For many American children, childhood is a time of innocence and security. Unfortunately for the author, her childhood wasn't filled with particularly much of either. In fact, it was defined by two very different things: poverty and police.
The author's impoverished upbringing in 1990s Los Angeles was typical of many Black American childhoods at the time.
Her mother was a single parent and spent sixteen hours a day working multiple jobs. Despite all her hard work, she sometimes still couldn't afford food for her children. The author recalls that there was often only cereal to be had. Indeed, for over a year, they didn't even have milk for their cereal, because their slum landlord refused to replace their broken refrigerator/ They made do with water.
Even when they could afford more nutritious food, there were few places in the neighborhood to get it. In fact, the only place that sold groceries was a 7-Eleven convenience store. Other than that, the only outlets to buy food or drink were a liquor store and fast-food joints. In other words, with so little money and so few choices, the author's mother struggled to keep her children supplied with enough healthy, nurturing meals.
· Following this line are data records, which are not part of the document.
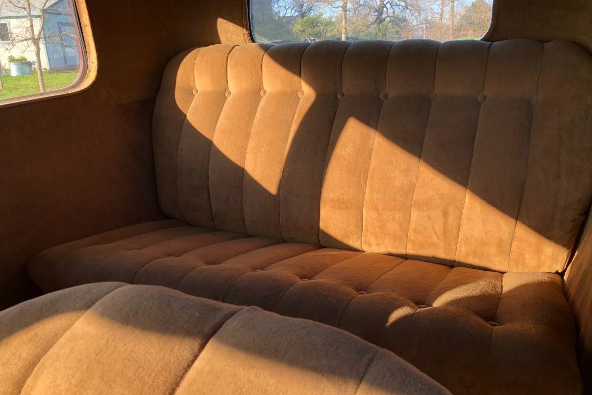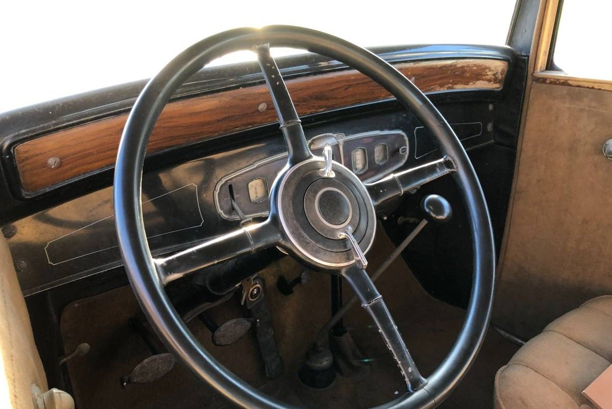 This car’s condition is solidly in the good category. The body has peeling paint and spots of wear, but no dents that I can see. The seller did not really clean up the car either, so the dust might be hiding some other small imperfections but the car looks solid. The chrome is worn but presentable and for a survivor car, it is fine. The interior is in amazing condition. The upholstery looks so good that it is hard to believe it is 90 years old, though it could be possible. The seller states the odometer is broken so there’s no visible clue how many miles this car has. The other gauges look serviceable if a bit dirty, they might benefit from a cleaning. The faux wood above the dashboard is in nice condition, with the painted woodgrain mostly intact.
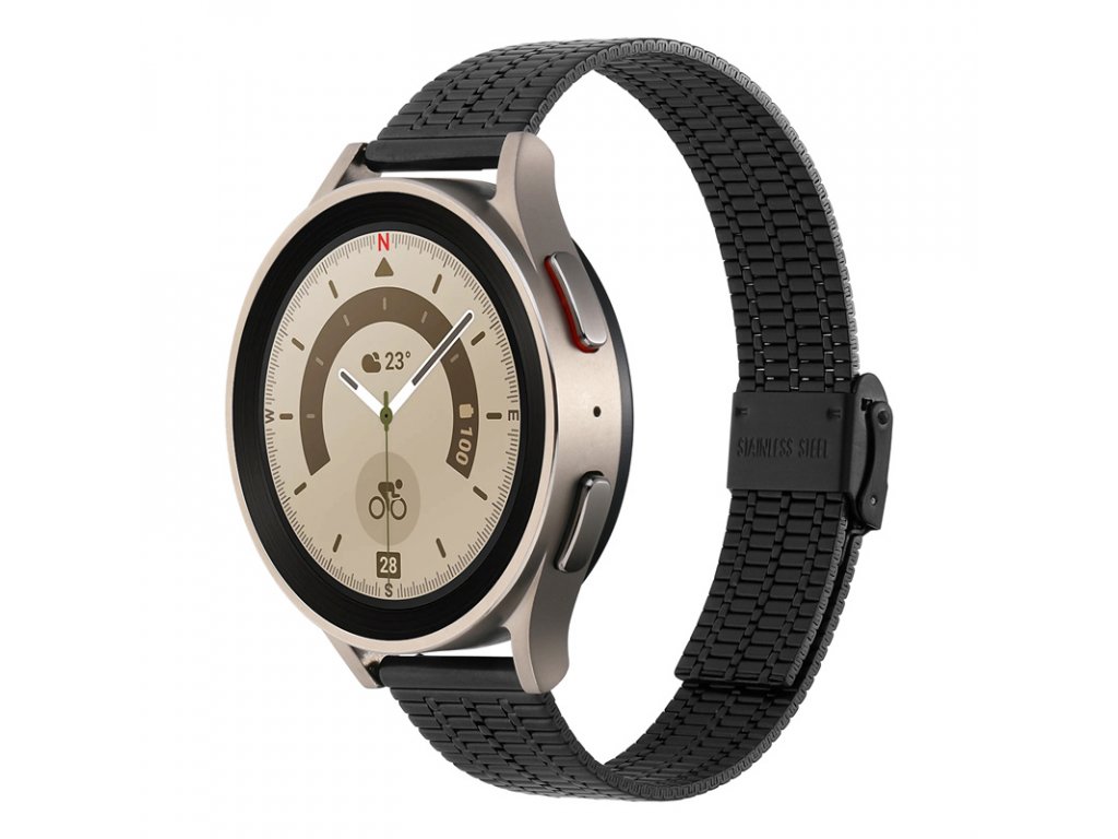 Jemný ocelový řemínek milánský tah v černé barvě určený pro chytré i klasické hodinky. Snadné připnutí a výměna řemínku přes rychloupínací osičky (součástí balení)
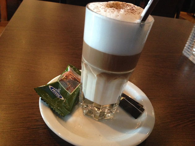 Daarna dus naar de film, maar we waren wat te vroeg. Een lekkere latte macchiato met witte chocolade-smaakje om op te warmen; wat is het soms nog koud buiten!
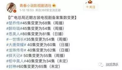 观众把剧情拖沓的原因归咎于集数,也不是没有道理。一方面正是随着电视剧集数的越来越长,有关剧情拖沓的质疑声才越来越多;另一方面,不同于从前电视剧都是直接定好多少集,近几年时兴改剧集。比如《楚乔传》从45集改为68集,《醉玲珑》从45集改为54集,《一世情长》从35集改为54集,《大唐荣耀》从40集改为62集,《择天记》从50集改为55集,《封神》从60集改为65集等。而像《漂亮的李慧珍》这样的翻拍剧,故事不变,集数却拉长一倍多的情况,也比比也是。
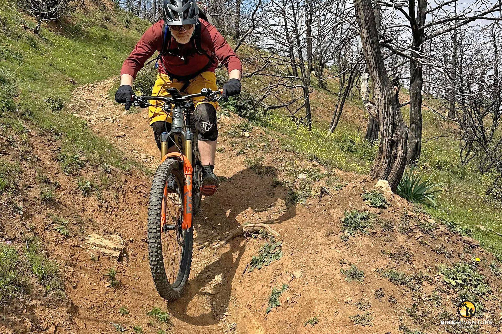 Am ersten Tag shutteln wir zweimal in die Berge. Wir entladen die Bikes und machen uns für den ersten Downhill auf der Blackline bereit. Am Start sind: Hishram, unser marrokanischer Bikeguide, Roger Winiger (alias Roscher oder José) unser Top-Guide von BAT, Philip Douglas (alias Negroni) der Second-Guide, der sich sowohl auf den Trails als auch bei der Buchhaltung der Trinkgelder-Gruppenkasse mit Pivot-Tabellen herumschlägt. Ändu (natürlich wie es sich für einen echten Berner gehört auf einem Thömus), Hampi (alias Specialized-Agent), der sich mit Negroni Wortgefechte und Säuliämter-Klatsch (Bonstetten versus Maschwanden) leistet, Denise und Hansruedi mit den gemieteten E-Bikes (so unheimlich «Schweri-Dinger») sowie Andi der Oberösterreicher und natürlich Last but not least pfiil auf seinem nigelnagelneuen Koba Trailtool. Wow, ist das ein geiles Bike. Und eine super Truppe für ein Bike-Abenteuer.

In addition to poverty, the author and her siblings were forced to contend with a continual police presence in their neighborhood. Whereas many white communities perceive the police as existing to protect and serve them, the author learned early on that the law enforcement's objective in Black communities is to harass and control them. At the tender age of nine, the author witnessed her 12-year-old brother and his friends being thrown up against the wall by police officers, before being partially stripped and searched. What were the boys doing to warrant his suspicion? They were simply talking in an alleyway, next to the author's house. After that incident, the police began arresting the author's teenage brothers on a regular basis. Although her mother eventually moved her family to another area of the city to try to shield her sons from the attention of law enforcement, they were still regularly harassed by the police, and their mother realized there was very little she could do to protect her sons.